Setting in the southwest is the teapot shape of Sagittarius, which marks the heart of our Milky Way Galaxy, but the best view of our Galaxy lies overhead now. The brightest star of the northern hemisphere, Vega dominates the sky in the northwest. To the northeast of Vega is Deneb, the brightest star of Cygnus the Swan. To the south is Altair, the brightest star of Aquila the Eagle, the third member of the three bright stars that make the Summer Triangle so obvious in the NE these clear autumn evenings. Use binocs and your sky map to spot many clusters here, using the SkyMap download to locate some of the best ones plotted and described on the back.

Overhead the square of Pegasus is a beacon of fall. South of it is the only bright star of Fall, Fomalhaut. If the southern skies of Fall look sparse, it is because we are looking away from our Galaxy into the depths of intergalactic space.
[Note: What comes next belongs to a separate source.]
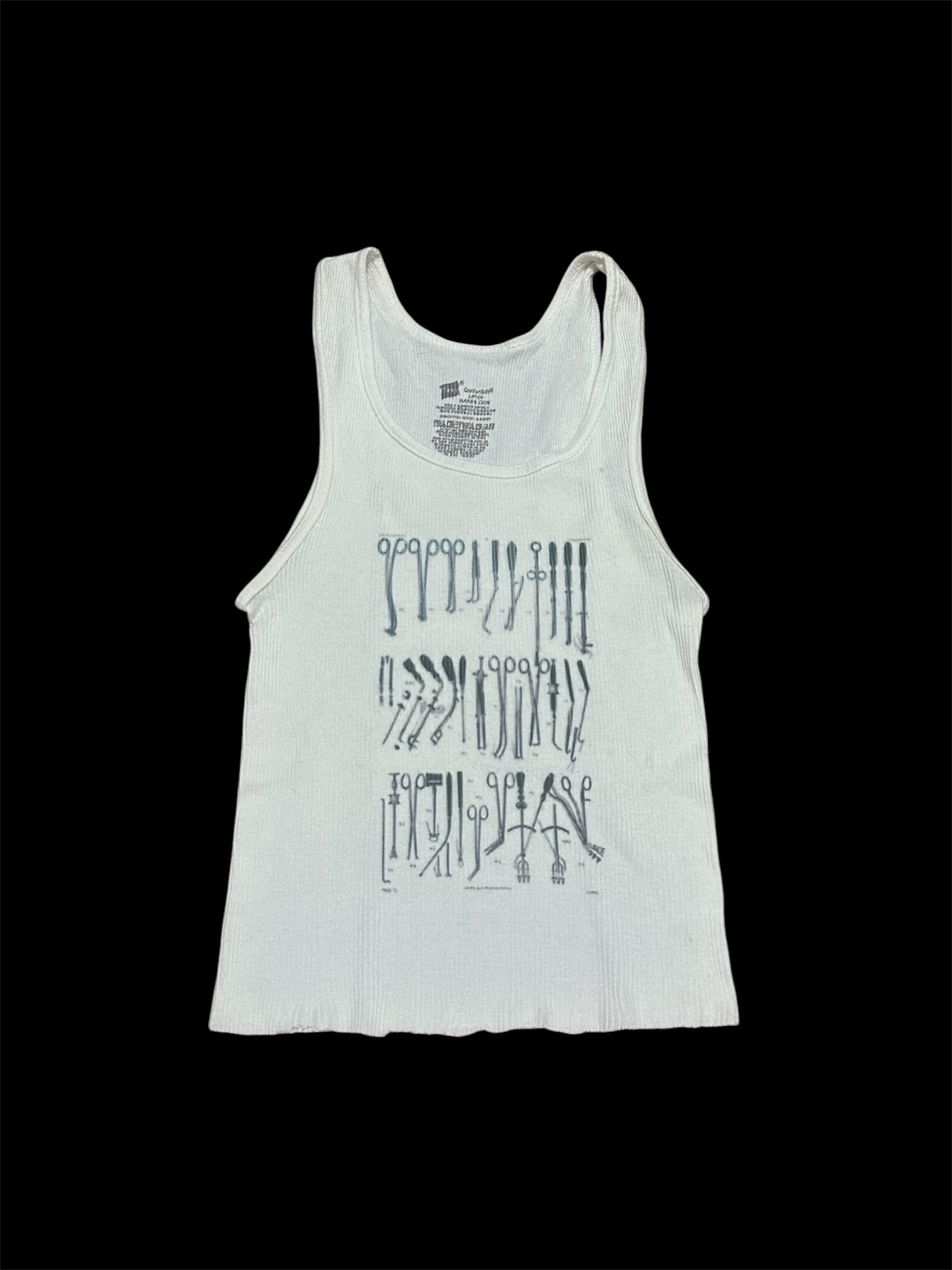 White ribbed cropped tank top with a handprinted medical tools graphic.

The constellation Cassiopeia makes a striking W, rising in the NE as the Big Dipper sets in the NW. Polaris lies about midway between them. She contains many nice star clusters for binocular users in her outer arm of our Milky Way, extending to the NE now. Her daughter, Andromeda, starts with the NE corner star of Pegasus’’ Square, and goes NE with two more bright stars in a row. It is from the middle star, beta Andromeda, that we proceed about a quarter the way to the top star in the W of Cassiopeia, and look for a faint blur with the naked eye. M-31, the Andromeda Galaxy, is the most distant object visible with the naked eye, lying about 2.5 million light years distant.
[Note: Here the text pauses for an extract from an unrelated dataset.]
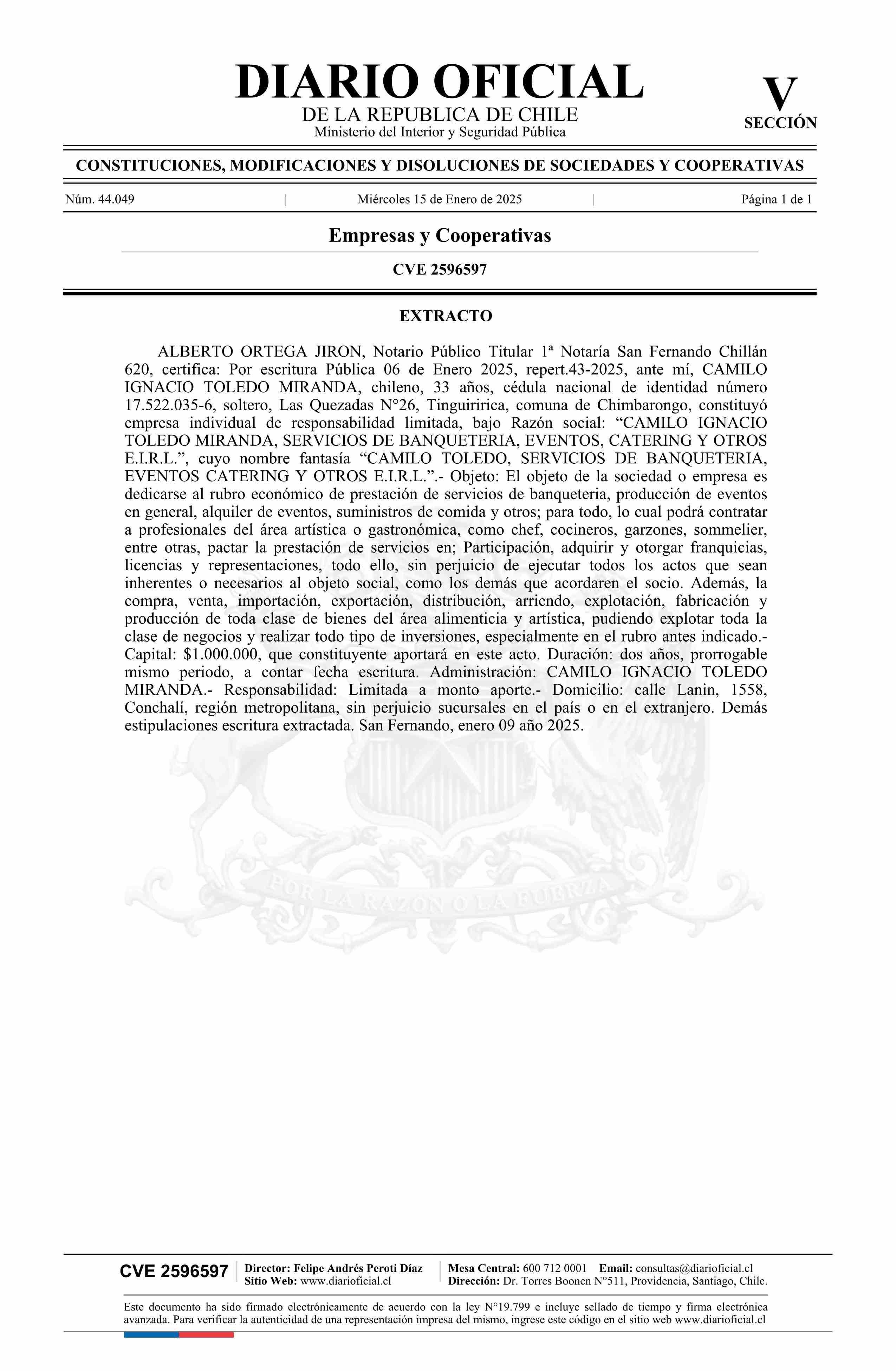 CAMILO IGNACIO TOLEDO MIRANDA, SERVICIOS DE BANQUETERIA, EVENTOS, CATERING Y OTROS E.I.R.L. 15-01-2025 Diario Oficial Edición Electrónica |

To the northeast, Andromeda’s hero, Perseus, rises. Between him and Cassiopeia is the fine Double Cluster, faintly visible with the naked eye and two fine binocular objects in the same field. Perseus contains the famed eclipsing binary star Algol, where the Arabs imagined the eye of the gorgon Medusa would lie. It fades to a third its normal brightness for six out of every 70 hours, as a larger but cooler orange giant covers about 80% of the smaller but hotter and thus brighter companion as seen from Earth. Check it out on a clear November evening, and see it the gorgon is winking at you. If so, then instead of being as bright as Polaris, Algol fade to be only as bright as kappa Persei, the star just to its south. Look at Perseus’ feet for the famed Pleiades cluster to rise, a sure sign of bright winter stars to come. In fact, yellow Capella, a giant star the same temperature and color as our much smaller Sun, rises at 7 PM as November begins along the northeastern horizon. It is the fifth brightest star in the sky, and a beacon of the colorful and bright winter stars to come.